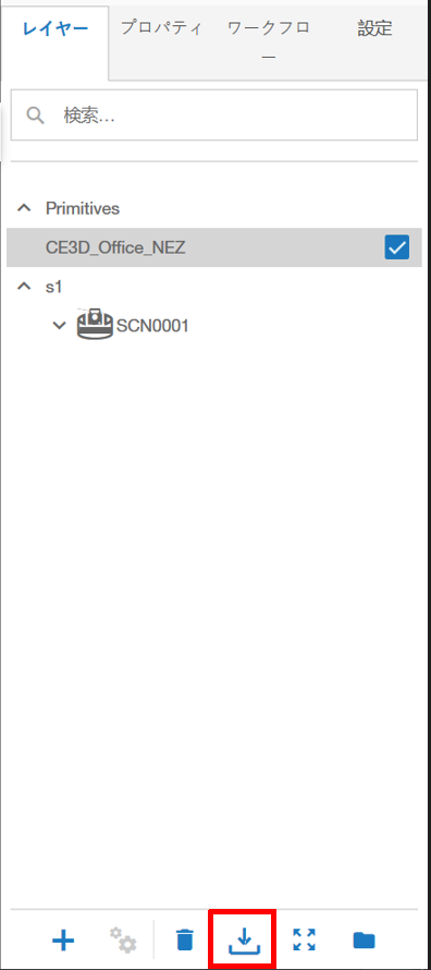 プロジェクトから基準点を出力するには、まず右パネルの レイヤー タブを表示し、基準点データが含まれるレイヤーを選択します。次に レイヤー出力 をタップします。
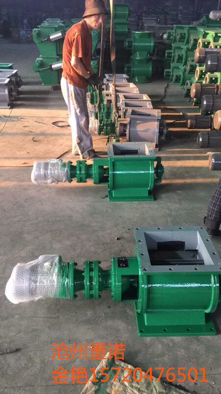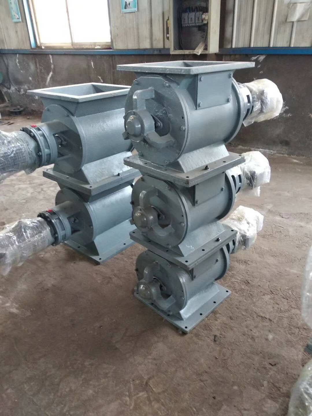 工作原理:星型卸料器工作時(shí),粉塵靠重力落入,充滿上面和側(cè)面的星形葉片空格。葉片轉(zhuǎn)子由電動(dòng)機(jī)通過(guò)減速機(jī)轉(zhuǎn)動(dòng)軸帶動(dòng),葉輪轉(zhuǎn)到下部粉塵靠自重卸下。這種卸塵器一般都安裝在除塵器灰斗下部,為保證連接處的嚴(yán)密不漏風(fēng),在回轉(zhuǎn)卸料器的上部應(yīng)經(jīng)常保持(儲(chǔ)存)一定高度的粉塵。因?yàn)槿~輪轉(zhuǎn)動(dòng)時(shí),卸完粉塵后葉輪轉(zhuǎn)上的那一面經(jīng)常是沒(méi)有粉塵的,所以容易使空氣漏入。為了保持一定高度的灰柱,而且不致卸空,*在灰斗內(nèi)裝設(shè)料位信號(hào)設(shè)施,并與卸塵閥的電動(dòng)機(jī)建立連鎖。
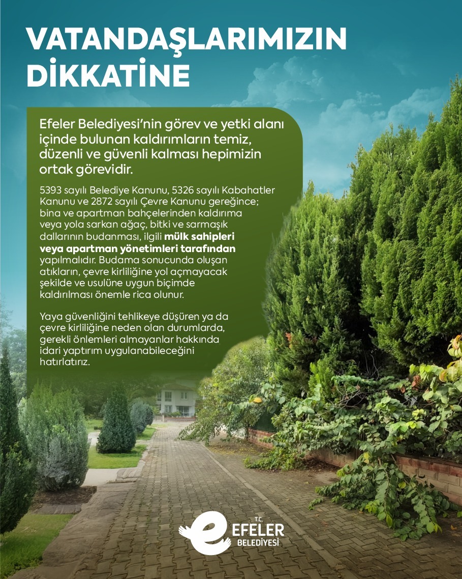 Ayrıca budama sonucu oluşan atıkların çevreye zarar vermeyecek şekilde kaldırılmasının önemine dikkat çekilen açıklamada, yaya güvenliğini tehlikeye düşüren veya çevre kirliliğine yol açan durumlarda idari yaptırım uygulanabileceği hatırlatıldı. Efeler Belediyesi, çevre düzeni ve vatandaş güvenliğini sağlamak için çalışmalarını kent genelinde sürdüreceğini duyurdu.
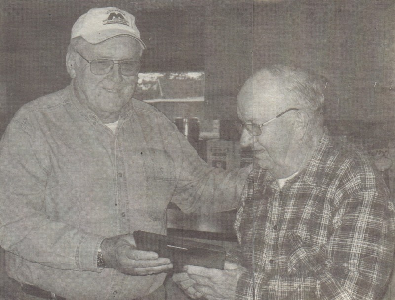 Upon his retirement after 54 years as the treasurer of the Town of Foster, Ray Durst (r) accepts a congratulatory plaque from former town chairman, Dave Poehnlein. The plaque was presented at the annual meeting in April. Contributed photo
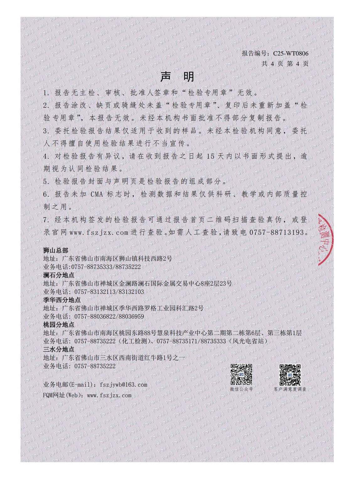 - Testing Laboratory: Foshan Supervision Testing Center of Quality and Metrology (?????????????)
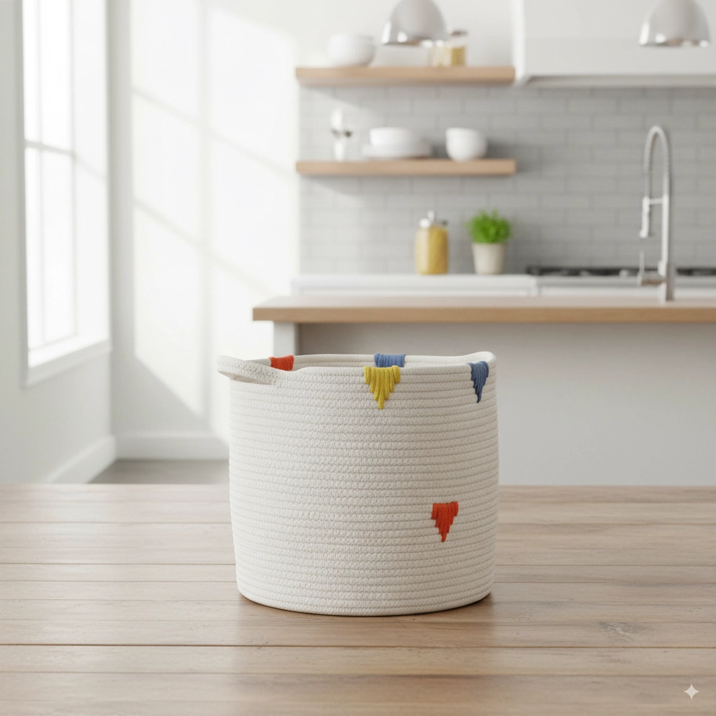 Praktische en stijlvolle mand voor dagelijkse orde in huis. De compacte afmetingen 27 × 24 cm besparen ruimte, de lichte constructie maakt dragen eenvoudig en het duurzame materiaal zorgt voor een lange levensduur. De tijdloze witte look met kleurrijk patroon past in de badkamer, kinderkamer en woonkamer en helpt bovendien kleine vuiligheden te verbergen.
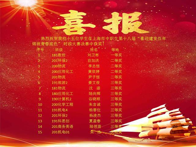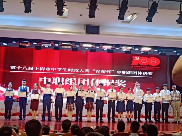 6月3日上海市中职生“喜迎建党百年 铸就青春底色”第十八届时政大赛八强团体决赛在工商信息学校举行。我校选手在总决赛中获得第五名,喜获团体铜奖。
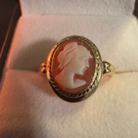 Authentic cameos are typically carved from natural materials such as shell, coral, or semi-precious stones like agate or onyx, which have contrasting layers of color. The material in your ring has a light, peach/cream-colored figure against a slightly darker orange-brown background, characteristic of a shell cameo, possibly a sardonyx or conch shell.
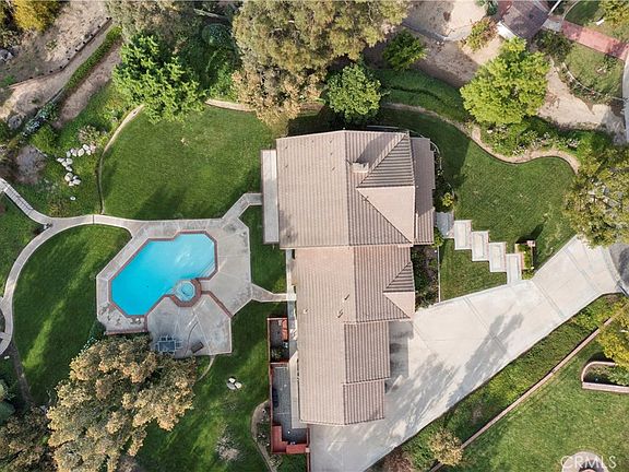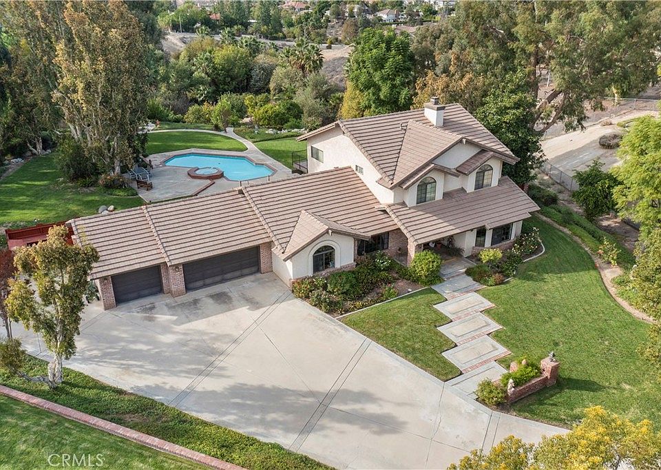 ALESSANDRO HEIGHTS- CRYSTAL RIDGE ESTATES- Nestled at the end of a quiet cul-de-sac on an elevated ridge and surrounded by rolling hills with a year-round stream creating a moat from neighboring homes is the custom built traditional home available from its original owners! The sheltered porch opens into the foyer which is flanked by the large forma living and dining rooms. At the rear of the homes is the spacious family room with fireplace and views of the pool area city, rolling hills and mountains beyond! Open concept kitchen with breakfast bar and eating area. Generous ground floor bedroom with built-ins serves as an ideal home office as well. At the top of the stairs is the luxurious master suite with large bath and walk-in-closet. Two additional bedrooms and a full bath complete the second floor for a total of 4 bedrooms and 3 bathrooms. Beautiful grounds envelope the residence and pool/spa area with expansive lawns, mature trees and a private fruit orchard containing multiple varieties. Indoor laundry room, loads of build-in storage and an over-sized 3-car attached garage. Incredibly private and serene this property is an special opportunity to reside among multi-million dollar estates within one of Riverside's most highly sought after neighborhoods at a fraction of the investment!

==========

● Problem requirements: Starting with the line that has "Ayrıca budama sonucu" and going on through the line that has "Authentic cameos are", transcribe the records above exactly, but skip the pictures.

● Response area:
 Ayrıca budama sonucu oluşan atıkların çevreye zarar vermeyecek şekilde kaldırılmasının önemine dikkat çekilen açıklamada, yaya güvenliğini tehlikeye düşüren veya çevre kirliliğine yol açan durumlarda idari yaptırım uygulanabileceği hatırlatıldı. Efeler Belediyesi, çevre düzeni ve vatandaş güvenliğini sağlamak için çalışmalarını kent genelinde sürdüreceğini duyurdu.
 Upon his retirement after 54 years as the treasurer of the Town of Foster, Ray Durst (r) accepts a congratulatory plaque from former town chairman, Dave Poehnlein. The plaque was presented at the annual meeting in April. Contributed photo
 - Testing Laboratory: Foshan Supervision Testing Center of Quality and Metrology (?????????????)
 Praktische en stijlvolle mand voor dagelijkse orde in huis. De compacte afmetingen 27 × 24 cm besparen ruimte, de lichte constructie maakt dragen eenvoudig en het duurzame materiaal zorgt voor een lange levensduur. De tijdloze witte look met kleurrijk patroon past in de badkamer, kinderkamer en woonkamer en helpt bovendien kleine vuiligheden te verbergen.
 6月3日上海市中职生“喜迎建党百年 铸就青春底色”第十八届时政大赛八强团体决赛在工商信息学校举行。我校选手在总决赛中获得第五名,喜获团体铜奖。
 Authentic cameos are typically carved from natural materials such as shell, coral, or semi-precious stones like agate or onyx, which have contrasting layers of color. The material in your ring has a light, peach/cream-colored figure against a slightly darker orange-brown background, characteristic of a shell cameo, possibly a sardonyx or conch shell.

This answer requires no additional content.